Bahkan kini seluruh keluarga besar Tuan Aksa Arthur dan Tuan Reino Wibawa berada didalam hotel tempat dimana akan diselenggarakan acara pernikahan putra putrinya. Tidak ketinggalan dengan Alma dan Viola yang saat ini sedang berada di kamar milik Naya untuk melepas status Naya yang lajang dan akan berubah menjadi seorang istri Reyhan. Memang terasa menggelikan untuk Alma dan Viola.

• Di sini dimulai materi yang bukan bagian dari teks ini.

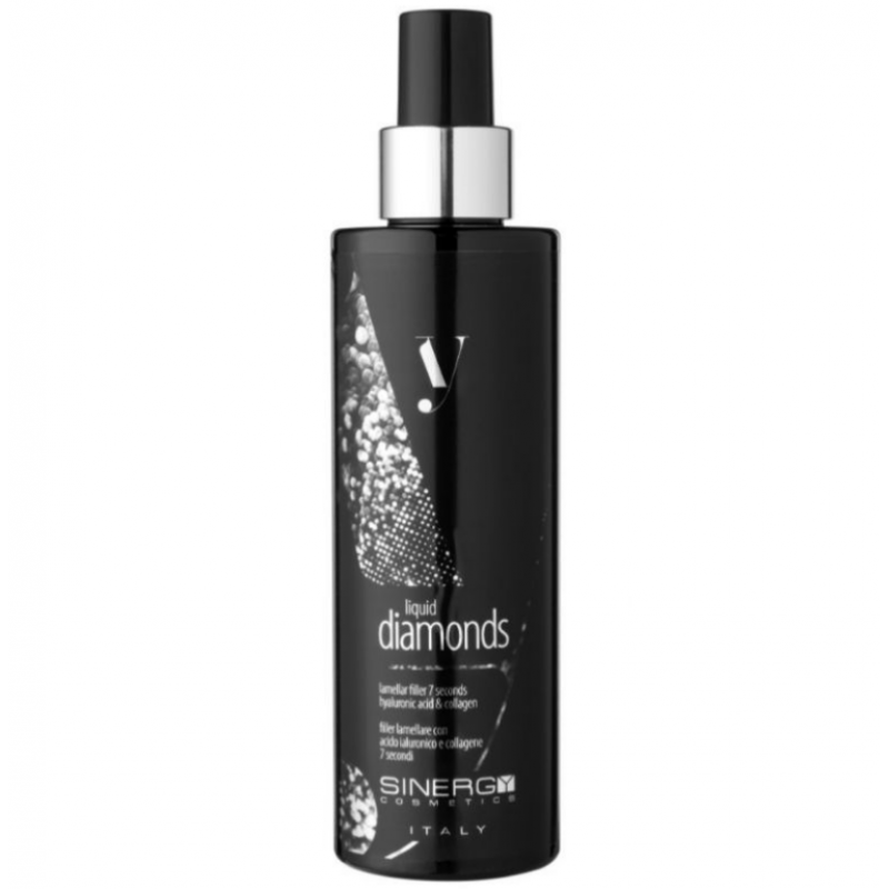 Спрей-філер миттєвої дії з гіалуроновою кислотою для волосся Sinergy Liquid Diamonds, 200 мл — це інноваційний професійний засіб для інтенсивного зволоження, відновлення та візуального ущільнення волосся. Формула нового покоління працює як експрес-філер, миттєво покращуючи структуру волосся, надаючи йому гладкість, блиск і ефект «дзеркального сяйва».

"Lo nggak deg-deg an apa gimana Nay? Gue lihatnya lo biasa-biasa saja nggak kayak calon pengantin pada umumnya." Celoteh Viola yang sekarang sedang tiduran di rajang besar dikamar Naya.


"Gue juga nggak ngerti Vi. Lo tahu nggak? Gue ini mimpinya panjang banget, nggak bangun-bangun." Ucap Naya yang merasa dirinya masih sedang bermimpi.


Alma dan Viola beradu pandang untuk sesaat sebelum mereka meledakan tawanya.


"Nay lo besok sudah dinikahin Reyhan, dan lo masih mengira kalau ini semua cuma mimpi? Kocak lo hahaha." Ucap Alma, bahkan Viola tidak bisa berkata apa-apa selain mengeluarkan tawanya.


"Gue bingung, kanapa gue bisa dilamar dan nikah sama Reyhan? Kenapa lagi gue ngikutin alurnya begitu saja? Ahhhhh." Ucap Naya frustasi.


"Itu artinya lo beneran sayang dan mau dinikahin sama Reyhan. Lo nggak ada penolakan sama sekali Nay." Ucap Viola bersungguh-sungguh.


"Tumben banget lo bener." Ucap Alma membenarkan Viola.


"Tapi gue jahat banget ya? Coba deh kalian bayangin bagaimana perasaan Michel saat ini?" Tutur Naya karena selama ini Michel selalu menggangu pikirannya.


"Lo nggak peka apa gimana sih Nay? Dia nggak serius sama Reyhan. Dia masih bocah yang maunya main-main doang." Jelas Alma karena memang selama ini terlihat jelas Michel hanya bermain dengan Reyhan.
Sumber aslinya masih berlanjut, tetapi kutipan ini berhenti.